Thirty years later, Hamilton High is getting ready for another senior prom. Homecoming hopeful, Vicki, can’t convince her mother to let her buy a new dress. So she heads down into the school’s prop room in search of an outfit. While looking around, she stumbles upon an old trunk from 1957, and, wouldn’t you know it, opening it ends up unwittingly releasing Mary Lou’s vengeful soul upon the school. And let me tell you, the prom queen of yesteryear is PISSED.

To be fair, I would be too if someone had set me on FIRE.

Prom Night 2 continues the president laid out by the first film, namely that of mashing other well-known films together to make its own thing. If the first Prom Night was a mix of Halloween and Carrie, than the second is a mix of Carrie, The Exorcist and Nightmare on Elm Street all rolled into one.

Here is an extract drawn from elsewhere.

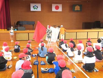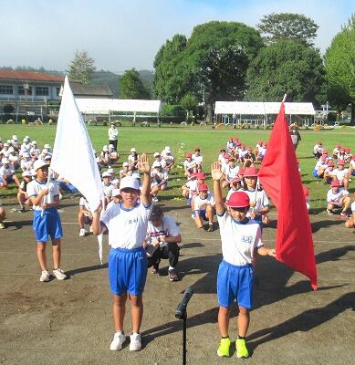 9月19日(木)、運動会に向けて結団式を行いました。まずは、スローガン発表がありました。子供たちが考えた今年のスローガンは「赤白全力できそい合い 応えんしあう 五気っ子オリンピック」です。

In fact, it so heavily resembles that last one, that it comes across more like a spiritual successor to Elm Street, and really only feels like a sequel to the original Prom Night in name only. After knocking off a couple of easy targets, Mary Lou sets her sights on taking over Vicki’s body, and ends up tormenting the poor girl with hallucinations of decrepit, ghostly school hallways,


snot soup with (what I assume to be) Mary Lou’s head in it,

My school cafeteria had worse. But nice try, movie.

demonic rocking horses,


and sadistic chalkboards.


So basically Mary Lou is channeling Freddy and doing a damn fine job of it. But unfortunately, the Freddy she’s channeling is the one that crawled out of the much maligned second entry of the franchise. So while the practical effects of the movie greatly benefit from the films souped-up budget, all that extra dough does little to benefit the story or acting. The characters are all still very cliche, the narration jumps around too fast, the story has a lot of gaps (why was Mary Lou’s soul trapped in that trunk?) and, much like the film it seems to be emulating, it’s filled with unintentionally hilarious reaction shots, presumably because even the actors had no idea what to make of this thing.

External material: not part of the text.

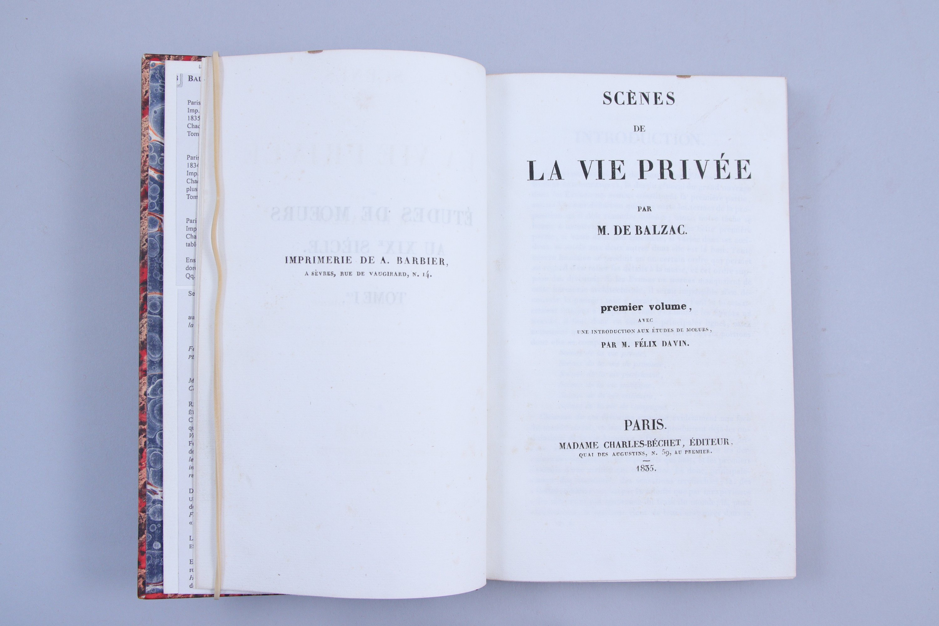 Importante édition, première tentative ou première forme de La Comédie Humaine. De nombreux textes de Balzac sont ici en édition originale, certains sous un titre provisoire: La Fleur des Pois, La Recherche de l'Absolu, Eugénie Grandet,, La Femme Abandonnée, La Grenadière, L'Illustre Gaudissart, la Grande Bretèche ou les Trois vengeances, La Vieille fille, Illusions perdues, Les Marana, Ferragus, La Duchesse de Langeais, La Fille aux Yeux d'or, et l'Histoire des Treize (dont la Comtesse aux Deux Maris, qui deviendra Le Colonel Chabert).

It’s like you can pinpoint the exact moment they realized they’d made a bad career decision.

On the plus side, the cinematography has improved greatly from its predecessor, so there’s that.

It’s a small blessing.

Prom Night 2 was originally intended to be a stand-alone horror film meant to pay tribute to other popular horror classics that came before it. There are even several references to other films in the script, and even some character names are references to horror icons (Carpenter, Craven, Romero, etc.) But at some point someone had the bright idea to re-brand it into a Prom Night sequel. Viewed as a horror movie homage, it kinda works. In that light, all the cliches make a lot more sense. But as a Prom Night sequel, it sucks. Other than repeating one line from the first movie, and having the film’s setting revolve around the prom, the two films are nothing alike. The tone is different, the villain is different, the motivation is different…. There’s just not enough to justify linking it to the original film. I still liked it though, thanks to it bat-shit insanity and a lot of campy goodness.

If you liked Nightmare on Elm Street, or are a fan of practical special effects, it probably couldn’t hurt to give this one a shot. Just don’t go in expecting anything too serious, or Mary Lou will laugh at you.

No, seriously. She will. She’s an evil, bitchy demon. It’s what they do.

Prom Night 2 is currently streaming on Amazon.

It is also available on several DVDs, but sadly most of them look like they’re out of print.